2008-11-09 Thread Kay Schluehr
On 9 Nov., 20:44, Fuzzyman [EMAIL PROTECTED] wrote:
 On Nov 9, 2:18 pm, Anton Vredegoor [EMAIL PROTECTED] wrote:



  On Thu, 30 Oct 2008 17:45:40 +0100

  Gerhard Häring [EMAIL PROTECTED] wrote:
   psyco seems to just work on Linux with Python 2.6. So it is probably
   only a matter of compiling it on Windows for Python 2.6.

  Yes. I compiled it using wp setup.py build --compiler=mingw32 with
  cygwin, where wp was an alias for my windows xp python executable.

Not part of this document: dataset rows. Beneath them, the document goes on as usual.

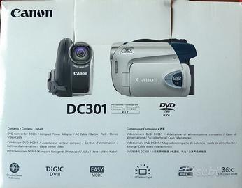VENDO: PRATICAMENTE NUOVA, IN CONDIZIONI ECCELLENTI, PRIVO DI USURA, COME SI PUO' EVINCERE DALLE FOTO, PER INUTILIZZO, VIDEOCAMERA MINI DIGITALE CANON DC301, E PAL SILVER BLACK DVD CAM DIGITAL ZOOM 36X SLOT SD CARD PER FOTO ANTISHOCK. PREZZO DI LISTINO E' DI EURO: 205,89 DEL 2008, AQUISTATA DA UNIEURO A TORINO, USATA POCHISSIMO.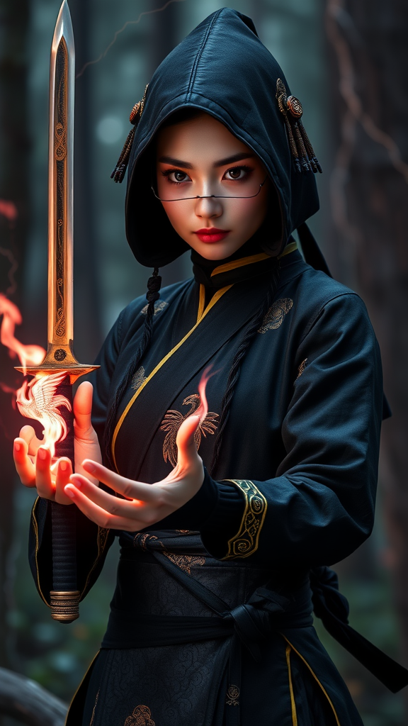 A cunning ninja clad in midnight black traditional Chinese attire, adorned with golden accents, stands stealthily with a phoenix-engraved kunai in hand. Her eyes are mesmerizing, and her palms emit a soft pink flame. The scene captures an epic blend of air, lightning, and forest, creating a symphony of visual and auditory sensations. The image is rendered with super high detail, highlighting the intricate interplay of elements, and evokes a sense of Gustatory-Auditory Synesthesia.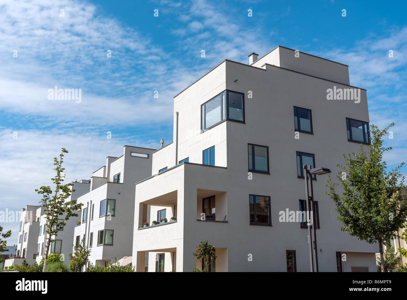 Moderne Weisse Hauser Mit Blauen Himmel In Berlin Gesehen Deutschland Stockfotografie Alamy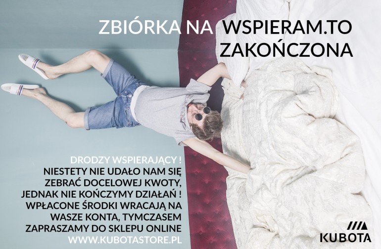 Jeżeli zbiórka wypali i będziemy mogli utrzymać produkcję w Polsce, to uroczyście, w białych sportowych skarpetach, obiecujemy, że będzie się działo. Planujemy kolaboracje z polskimi markami, szalone lookbooki, koncerty i wydarzenia z Kubotowym stemplem odpału. Mamy nadzieję, że w social media uda nam się niejako zbudować portret Polaków – jednej wielkiej rodziny Kubota. Janusz Sawszczak, Grażynka, Sebix, chcemy ożywić te postacie w naszych sesjach i filmach. Im więcej narodowych balonów przebijemy, drobnych kompleksików wyśmiejemy, tym lepiej. Oczywiście w Kubotach i białych skarpetach na nogach.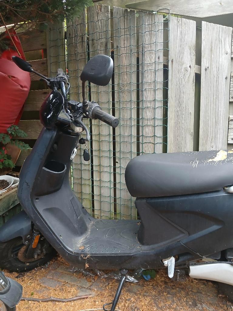 Gratis op te halen. De scooter is 4 jaar oud. Rijdt nog wel, maar de accu is niet heel goed meer. Ook is het zadel beschadigd en h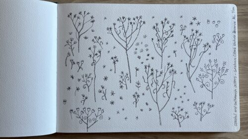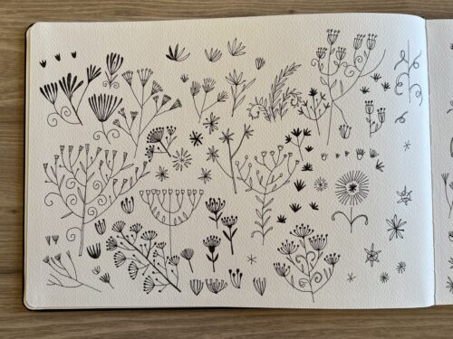 I explored simplified starbursts, radiating lines, cup-like forms, and loose spirals derived from the dried leaves. As the page filled, some drawings stayed close to the original structure, while others drifted into more generic floral territory. At this stage, the work was intentionally exploratory—focused on discovering a visual language rather than locking in solutions.
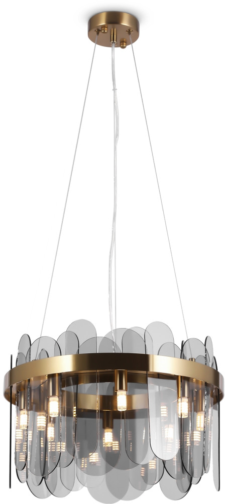 Осветительный прибор сделан в стиле Арт-Деко. Используются лампы с цоколем G9 мощностью 480 Вт, в количестве 8 ед. Цвет модели FR5141PL-08BS2: Серый.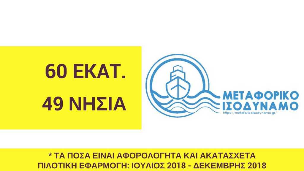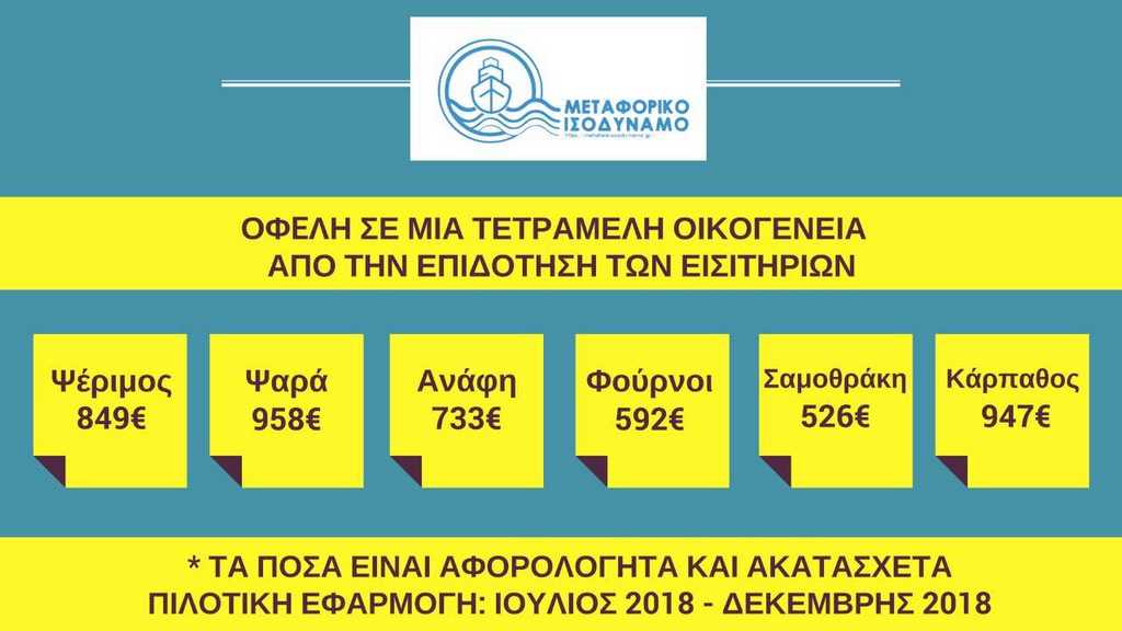 Επίσης, πρώτη φορά θα τυγχάνουν αυτής της ιδιαίτερης νησιωτικής πολιτικής, τα νησιά του Αργοσαρωνικού και του Ιονίου, που είχαν εξαιρεθεί από όλες τις άλλες πολιτικές για τα νησιά. Το όφελος του Μεταφορικού Ισοδύναμου με κοστολογημένα παραδείγματα, για το τελευταίο και μόνο εξάμηνο του 2018:

  For the OP and other people interested in windows binaries:

  I am in no way connected to or involved in the psyco development
  process -- except that I downloaded and compiled it -- but I have put a
  zip file on line for people who have a lot of trust in me and little
  patience for waiting for the official distribution. Just unpack it and
  put it in your site-packages directory.

 http://members.home.nl/anton.vredegoor/psyco/

  A.

 I've built a Windows installer if anyone is interested:

 http://www.voidspace.org.uk/python/modules.shtml

 Michael
 --http://www.ironpythoninaction.com/

Thanks. You guys rock!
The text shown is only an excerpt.